It’s often forgotten that life insurance has tax shelter features in addition to its other benefits. Keep this in mind when talking tax and estate strategies with your financial advisors.
Life insurance may play multiple roles in tax and estate planning, but its ultimate suitability for you depends on your unique situation. Important variables include your age, medical history, income and tax bracket, risk tolerance, investment choices, and withdrawal strategies. Proceed with caution, crunch the numbers first, and talk with your financial planner before buying life insurance with tax or estate planning in mind.
While many life insurance products are available in the marketplace, they are generally either term insurance or permanent insurance. Term insurance is simply pure insurance against the risk of your death in the current year, and usually has lower premiums at younger ages. It’s the type of policy many business owners have to make sure their families or businesses are provided for should they die unexpectedly. Permanent insurance, commonly called whole life or universal life, combines life insurance coverage with an additional investment savings component and, as a result, often has higher premiums than term insurance.
Universal life (UL) policies are structured as “exempt life insurance contracts” that allow you to pay insurance premiums and make deposits to a tax-sheltered investment account (“side fund”) simultaneously. You can choose from a variety of investments (equities or bonds, for example), depending on your risk tolerance. The insurance premiums are not tax-deductible, but income earned is tax-sheltered until the policy matures. If you withdraw funds during your lifetime, they are taxable to the extent the amount withdrawn exceeds the adjusted cost base. Or, if you withdraw funds as a loan against the policy, they are then repaid from the death benefit. When you die, the entire amount – original insurance amount plus accumulated cash value – is received as a tax-free death benefit.
UL products can play a role in:
- Funding of capital gains or RRSP tax liability.
- Estate equalization. You may wish to leave your business to beneficiaries active in that business, and an equal non-business asset such as insurance funds to others.
- Business succession planning.
- Tax-sheltered long-term investment strategies to supplement retirement income.

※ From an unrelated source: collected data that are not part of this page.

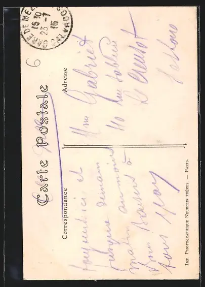 Personenbezogene Daten auf der Rückseite der Karte wurden durch blauen Textmarker unkenntlich gemacht. Die blauen Stellen sind auf die Vorderseite durchgeweicht und wirken sich negativ auf das Postkartenfoto aus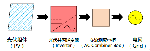 上面是一個(gè)光伏系統(tǒng)的簡(jiǎn)圖,光伏組件發(fā)出的直流電(DC)經(jīng)過(guò)光伏逆變器逆變成交流電(AC)進(jìn)入電網(wǎng),那么整過(guò)過(guò)程中光伏逆變器只是把直流電變成交流電,俗稱的DC/AC的比值就是光伏組件的安裝量和光伏并網(wǎng)逆變器最大交流輸出的比值。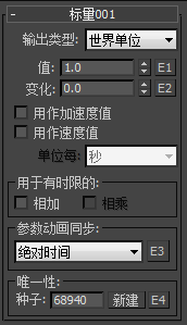 - 如果“输出类型”为“世界单位”,则可以选择其中任意一项,以使粒子流将标量数据用作加速度或速率(以每帧的单位数、每秒的单位数或每滴答的单位数表示)。您可以只激活“加速度值”或“速度值”,但不能同时将其激活;再次单击可禁用此选项。

When buying insurance for the above reasons, give some thought to your policy’s beneficiary. If your estate is the beneficiary, the proceeds will become part of your estate on your death and be subject to any creditors’ claims on the estate. The proceeds also will be subject to probate fees. You may want to name your spouse or another beneficiary so as to bypass the estate and protect the investment fund or cash surrender value from creditors during your lifetime.
Some insurers recommend UL policies as tax shelters, particularly for clients who have used up their RRSP contribution room but still have excess cash to invest. The CRA limits the amount you can contribute to a policy’s side fund but, depending on your age, it could be as much as 3 times the cost of the life insurance. The savings portion could be greater than your RRSP contribution limit, more than doubling your tax-free compounding.
Once your UL account has built up over several years, you can maintain your insurance coverage by having your insurer withdraw funds from the investment account to pay ongoing premiums. This means the premiums are now being paid in pre-tax dollars.
Another advantage of UL insurance is that investments can be switched within the plan without attracting capital gains tax. And foreign content is not restricted.
Some very complex insurance products available today combine UL insurance, disability insurance (replaces your income if you are medically unable to work) and critical illness insurance (pays a lump sum if you develop a critical illness such as cancer or heart disease). Normally, disability and critical illness insurance policies are paid for in after-tax dollars. Bundling them into a UL contract means they can be partly funded with pre-tax dollars.
Insurance companies also promote funding flexibility as an advantage of such combination policies for business owners or commissioned salespeople with fluctuating incomes. Stand-alone disability policies require level annual premiums for the term of coverage. If your income drops temporarily and you miss payments, the insurer might cancel your coverage. A combination policy lets you contribute when times are good, within CRA limits, and scale back if income falls.
While UL insurance may sound like a good tool, some critics suggest it’s overrated as a retirement investment strategy because of hidden costs and lack of policy guarantees. Be aware, first of all, that UL is very complex and often subject to extra commission costs and taxes that ultimately lower your return. As well, life insurance companies reserve the right to unilaterally make adjustments to various details of UL plans, including policy lapse assumptions, rates of return, and taxes on premium deposits. Under certain conditions, they also have the right to change the amount of life insurance coverage or premiums paid, and even to lapse the policy.
If you think you might need to draw on your life insurance to supplement retirement income, other investments could well be more suitable. Generally speaking, because of charges built into permanent insurance, 10 years seems to be the break point when returns on an insurance investment start to surpass returns you could earn on other non-registered investments. If you aren’t prepared to put your money away for at least that long, reconsider buying permanent insurance like UL contracts.
Using life insurance as an investment strategy is complicated and not suitable for everyone. Be sure to consult your financial planner before you buy.